I'd take int checks over puzzlesolving any day.
Essentially, then, you hate participating.
I know of a game you'd love. All you have to do is press the X button on your controller a whole bunch.
On topic again, are there any genuinely convincing arguments that realism is really-and-truly a design goal for any sort of game (except for strict simulations like, say, Falcon 4.0)? Because real life rewards power gaming and using the same tactics every single time (see: SWAT teams. Kick in door, throw in grenade, shout a lot, arrest perps, rinse, repeat. Oh, and they only take the best people for doing that sort of thing. Buncha munchkins are using exploits, man). Or is boring. Battles can go on for hours in real life, with people staying in one place and firing at half-seen forms that might,
might, have been an enemy's head. Or is over in a second, because everyone all but walked into each other and the guy who got initiative had an AK and didn't really have to bother aiming.
Is any of that a game you guys want to play? Maybe you said yes, I don't know, but realism like that seems much better suited to higher-level strategy games, because personally I don't want to have to deal with piddling, meandering crap like that, and nor do I particularly want to reload because I wasn't the guy in the last example. Inevitably my last save would have been several hours ago.
Abstraction is definitely the best way to go in these matters. More abstracted games are rarely so lethal or random that you're locked into a single course of action - a la the SWAT team - or compelled to create a certain sort of character - the super fast guy with an AK. And an elegant system can, in fact, approximate a lot of the specific things you guys were talking about earlier. Consider HP for a moment. A damage roll has a number of potential results. Get a low result, and, well, your sweaty palms made your grip falter. High result, nice solid strike right on the top of the bonce. This is purely narrative, and I'm ignoring all the issues there are with D&D style HP, but the player won't care if it's kept under the hood, and besides the result will be similar to a more complex system (at least, at low levels) without the greater development time and potential for bugs that the extra code will bring.

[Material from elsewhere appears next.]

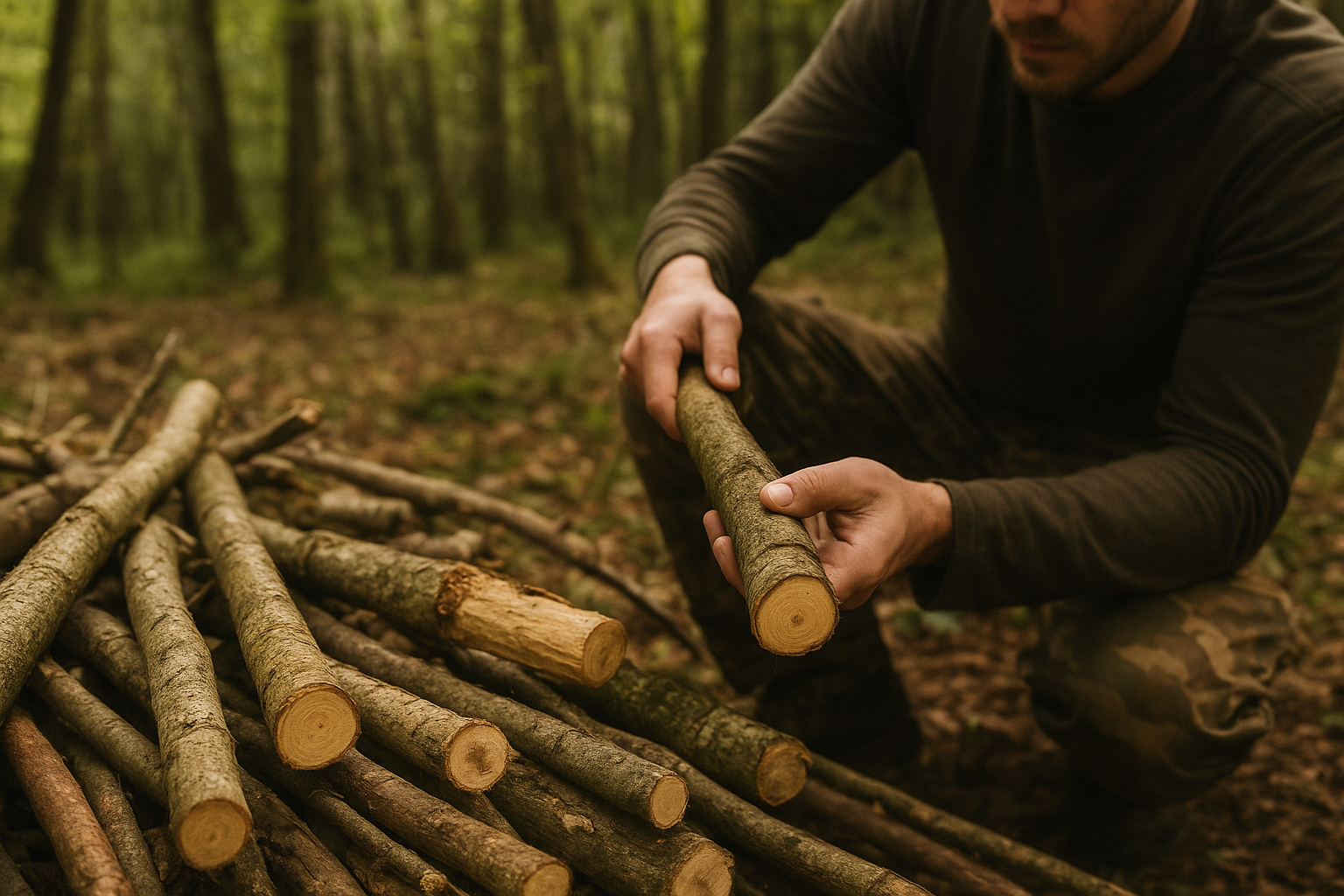 Bushcraft isn’t just building — it’s reading the forest like a craftsman.

Low HP approximates being in a disadvantageous position in combat almost as well as a 'wound track' or death spiral, despite the painfully obvious flaws.
Honestly, you could base a brutally simplistic system on
Hnafatafl and terrain modifiers* which would have more tactical rigour than a strictly realistic simulation. And isn't that what we're aiming for, with this discussion? Meaningful decisions on the part of the player?
* Off the top of my head - characters have two stats, combat and movement rate, terrain has X-Y-Z coordinates and maybe a simple terrain type modifier. In single combat, the character with the higher stat will win, in a predetermined number of rounds depending on the difference between the stats and the terrain factors (for this to work, running away will not be an option). Flanking a guy with two characters will adjust the combat further in their favour, while putting a guy on opposite sides of an opponent - essentially backstabbing him - will drop them in one round. So essentially positioning will be very important - your men's movement will be modified depending on the terrain they're on, so essentially each side will be trying to isolate their opponents, gain higher ground (for bonuses), close off areas which allow speedy transit, and prevent the enemy from coming to the aid of their losing allies. There, it's deterministic and very abstract but if I saw something similar to it in a game I would evangelise it over Fallout-style 'stand and hope for a critical' combat no matter how bad the execution was.